I could not have succeeded at school if my parents didn't teach me the value of an education. And what's missing here is teachers need parents as partners to succeed. They also need a principal like Mr. Alonzo here at Von Steuben, who manages to set a tone for their building and what happens --

(CROSSTALK)

MORGAN: Tell me, how responsible can a president be and an administration to the reality of a school like this? How much is actually down to a mayor and to local education --

EMANUEL: Well, first of all, you have to have a -- from the top all the way through to the classroom and including the kitchen, where parents talk to their kids or the house, you have to have a culture of accountability. A president sets the tone, a secretary of education sets the tone. They don't get a pass on that. And I reward President Obama for taking on reform and that's what the Race to the Top was.

You have to make major changes in how we teach and holding people accountable. I believe that as mayor I'm going to be held accountable. I've set goals and not just in our K-12, but in changing community colleges to a career-focused education in the sixth growth sectors for the city of Chicago.

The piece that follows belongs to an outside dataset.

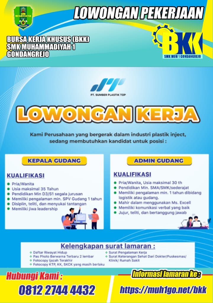 PT Sumber Plastik Top - Kami perusahaan yang bergerak dalam industri plastik inject, sedang membutuhkan kandidat untuk posisi :

I believe in being held accountable.

MORGAN: We're here in Chicago because you're hosting the World Peace Summit, and unbelievably, you've managed to persuade Mikhail Gorbachev to come to this school today, and Sean Penn. So you've got, you know, one of the great world leaders, one of the great actors. What is the idea behind bringing them to a school like this?

EMANUEL: Well, first of all, what I -- we have, with Robert F. Kennedy and the City of Chicago, Robert F. Kennedy Foundation, the City of Chicago, the Nobel Peace Prize winners from around the world. President Jimmy Carter will be here, Mikhail Gorbachev, Desmond Tutu, Dalai Lama, among others, will all be here.

I wanted the kids to have this opportunity, as did the Robert F. Kennedy Foundation, to speak and learn from people who stood up and made a difference for peace, made a difference for economic and social and political justice. And I wanted our kids the opportunity in the city of Chicago not to see some summit on the news, if they saw it, or on some blog, but to interact with these leaders. And we're going to have them here for three days. And I think it gives a unique opportunity for the kids of Chicago.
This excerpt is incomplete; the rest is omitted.